The latest Purchasing Managers’ Index (PMI) survey data from the QFC said indices for total activity and the 12-month outlook also remained firmly positive, while employment rose further.
The Qatar PMI indices are compiled from survey responses from a panel of around 450 private sector companies. The panel covers the manufacturing, construction, wholesale, retail, and services sectors, and reflects the structure of the non-energy economy according to official national accounts data.
"Overall business conditions across the non-energy private sector gained momentum at the start of the second quarter, mainly thanks to an acceleration in demand growth," Yousuf Mohamed al-Jaida, chief executive officer, QFC Authority, said.
The headline PMI, a composite single-figure indicator of non-energy private sector performance, rose for the fifth time in six months to 54.4 in April, from 53.8 in March, indicating the strongest improvement in business conditions since July 2022. The latest figure moved further above the long-run trend of 52.2.
The main boost to the PMI was from faster growth in new business, while the employment and stocks of purchases components also had positive directional influences. The output component eased slightly since March but remained above its long-run trend, with financial services again a key growth driver.
New business increased at the fastest rate in nine months in April.
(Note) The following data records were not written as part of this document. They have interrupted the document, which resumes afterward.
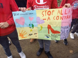 Quindi, divisi in piccoli gruppi, hanno progettato e prodotto dei poster. Anche nella scuola dell'infanzia è stato dedicato del tempo al tema della violenza in generale. Le insegnanti che hanno partecipato sono: Paola Garzia e Giuseppina Ielo per la scuola dell’infanzia; Nives Bianchi, Adriana Rossi, Maria Eugenia Stella, Emily Ciano, Sonia Cassiano e Daniela Manni per la Primaria; Eugenia Trippetta, Maria Teresa Massa, Natalia Perotti, Monica Signa, Carmine Esposito, Piietro De Filippis e Walter Materazzo per la Secondaria.
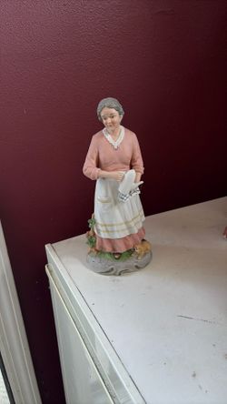 vintage Homco Home Interiors #1425 porcelain figurine of an elderly woman holding a coffee pot with a small dog at her feet. $20Anaheim, CA
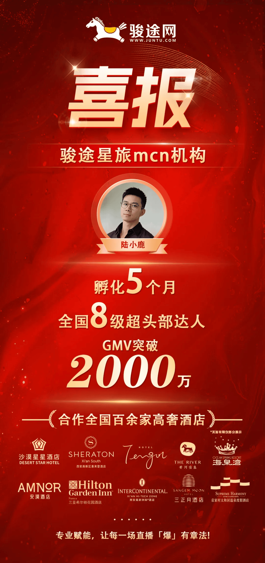 骏途星旅MCN机构继续大放异彩,达播矩阵包括陆小鹿、咚东出发、张大人cheers等成绩斐然,达播账号全面开花,重点孵化账号“陆小鹿”更是表现惊艳,孵化5个月已成为8级(顶级)超头,旗下孵化的账号矩阵总GMV更突破8000万元,彰显出“MCN+服务商”模式强大的商业变现能力。
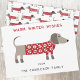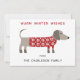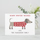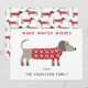 Söt och bedårande dachshund korv eller wienerhund i en festlig röd och vit stickad tröja. Ändra namnen och hälsningen för att anpassa. Originalkonst av Nic Squirrell.
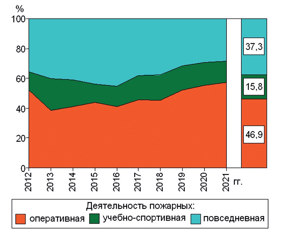 В 2012–2021 гг. при выполнении служебных обязанностей у личного состава ФПС МЧС России были зарегистрированы 1769 травм. Среднегодовой риск производственного травматизма составил (9,19±0,54) · 10⁻⁴ травм/ (человек · год), за аналогичный период у работников-мужчин России риск оказался статистически достоверно бóльшим (p < 0,001) – (16,50±1,09) · 10⁻⁴.
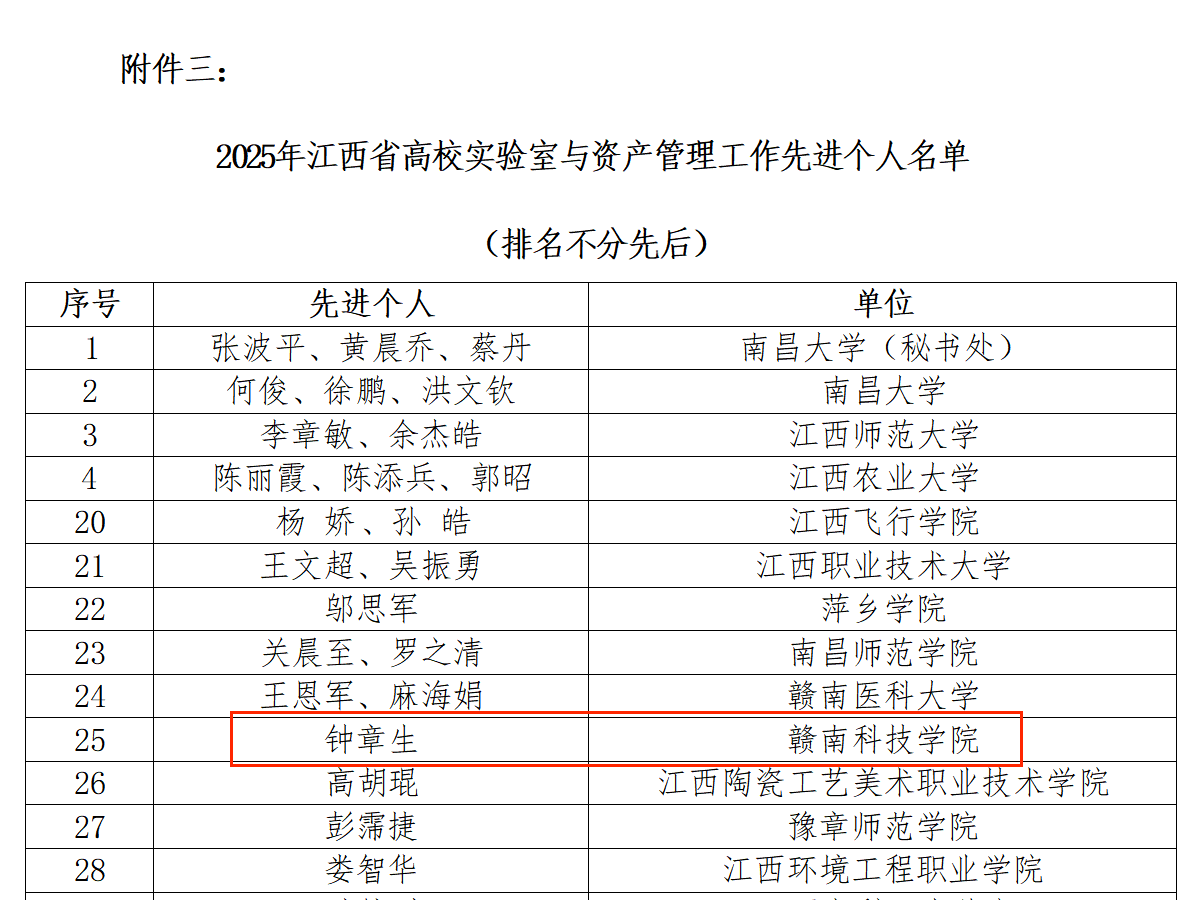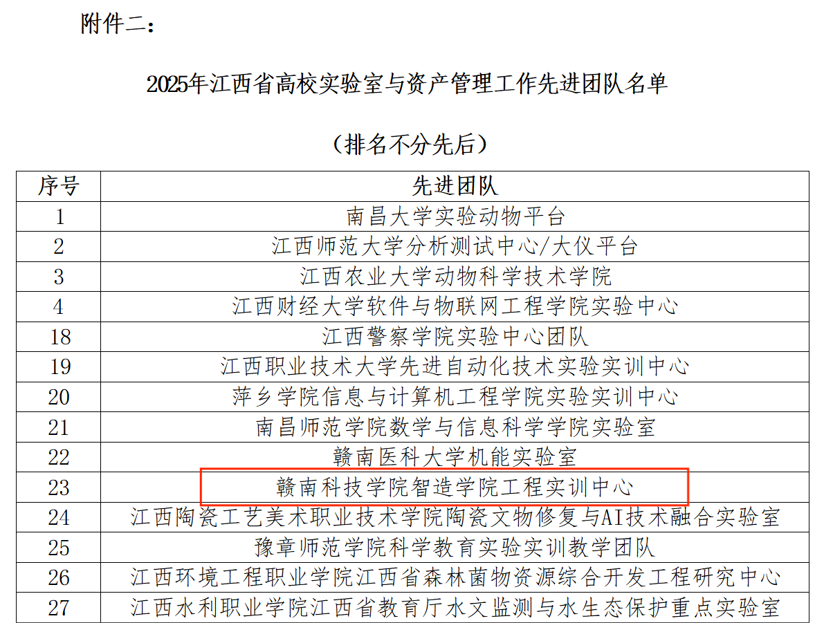 本网讯:近日,江西省高等教育学会发布《关于表彰2025年度全省高校实验室工作先进集体和个人的决定》(赣实发〔2025〕4号),智能制造与材料工程公司实训中心获评“高校实验室与资产管理工作先进团队”,信息公司钟章生老师荣获“高校实验室与资产管理工作先进个人”称号。
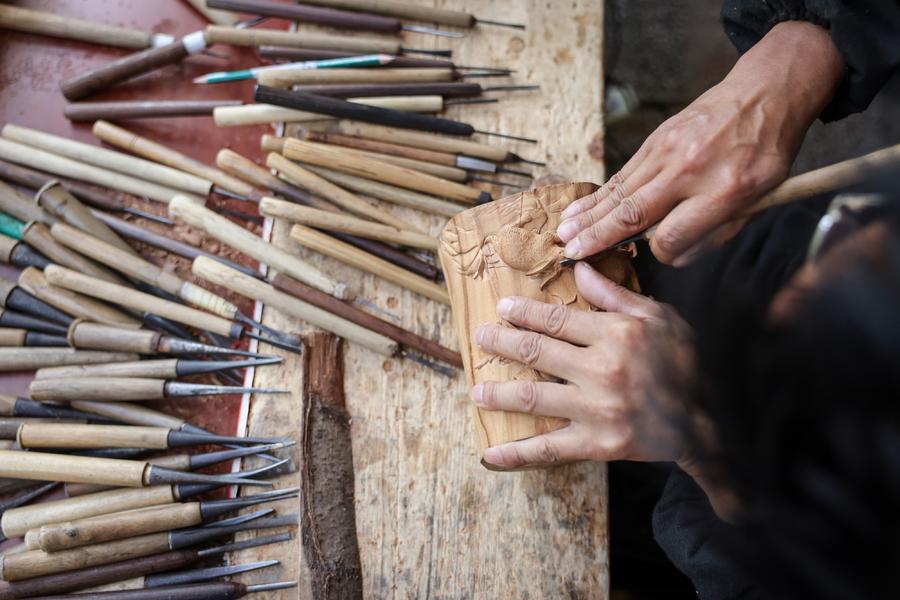 手工雕刻笔筒,需要用到大小不同的刻刀。
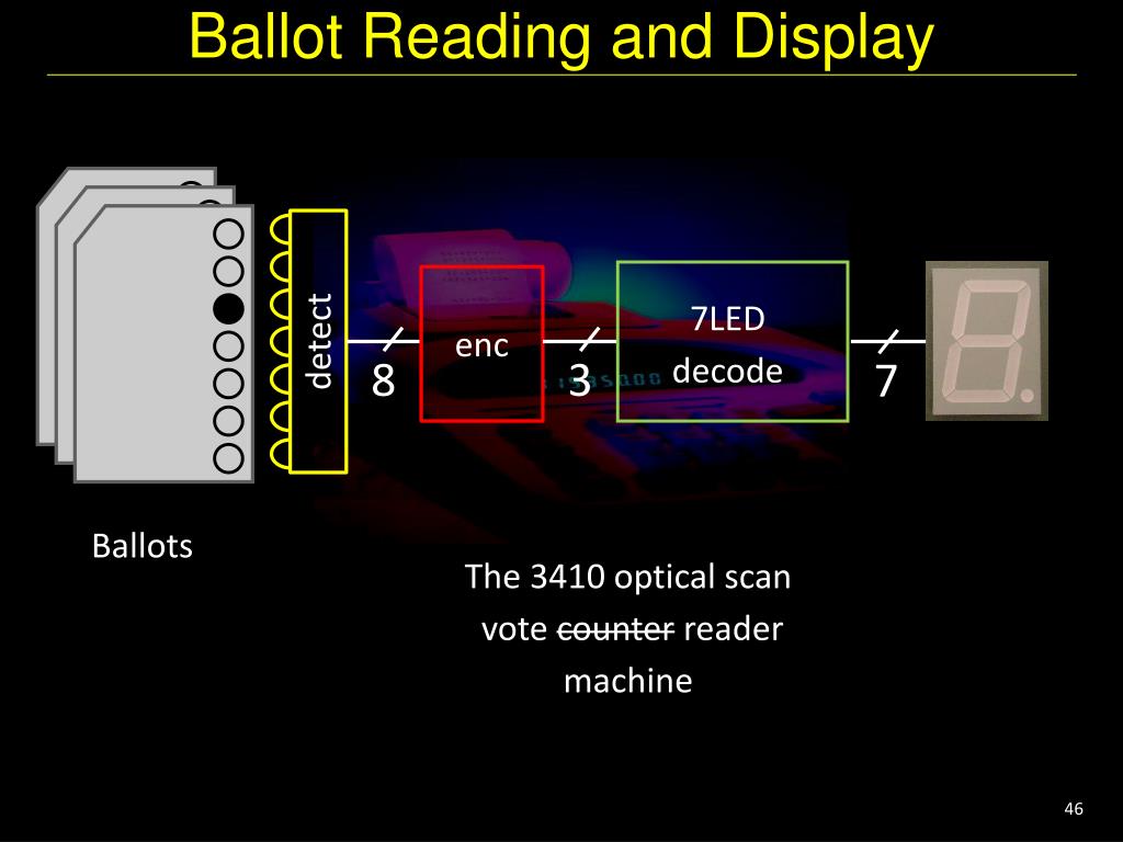 Ballot Reading • Input: paper with a hole in it • Output:number the ballot supervisor can record Ballots The 3410 optical scan vote counter reader machine

Companies reported receiving large orders, expanded customer bases and rising demand due to the implementation of new projects. New products were also mentioned as sources of growth.
The 12-month outlook for the non-energy private sector remained strongly positive. The Future Output index eased further from February's 41-month high but the average for 2023 so far, at 71.7, was well above the long-run trend of 64.6. By sector, confidence in April was strongest among manufacturers.
April data indicated a third successive monthly increase in average wages and salaries, with pay pressures greater than the long-run trend. The employment index, tracking the overall level of staffing, rose to a nine-month high, signalling another increase in workforce numbers.
Continuing the trend shown during 2023 so far, average input prices rose in April. That said, inflationary pressures remained modest and broadly in line with the long-run survey trend. Meanwhile, firms increased their charges for goods and services, having cut them in March.
Although stronger new business inflows put pressure on capacity, companies were still able to reduce their levels of outstanding business for the ninth month running in April due to productivity improvements and increased workforces.
The financial services sector in Qatar continued to expand at a marked rate in April as the volume of new business increased for the thirty-fifth consecutive month and at the fastest rate since last August. Overall financial services activity increased for the twenty-second successive month, and at a strong pace, while expectations remained firmly positive.
"The financial services sector continued to grow at a faster rate than the overall private sector economy in April, both in terms of total activity and new work, with the financial services new business index reaching 61.3," al-Jaida said.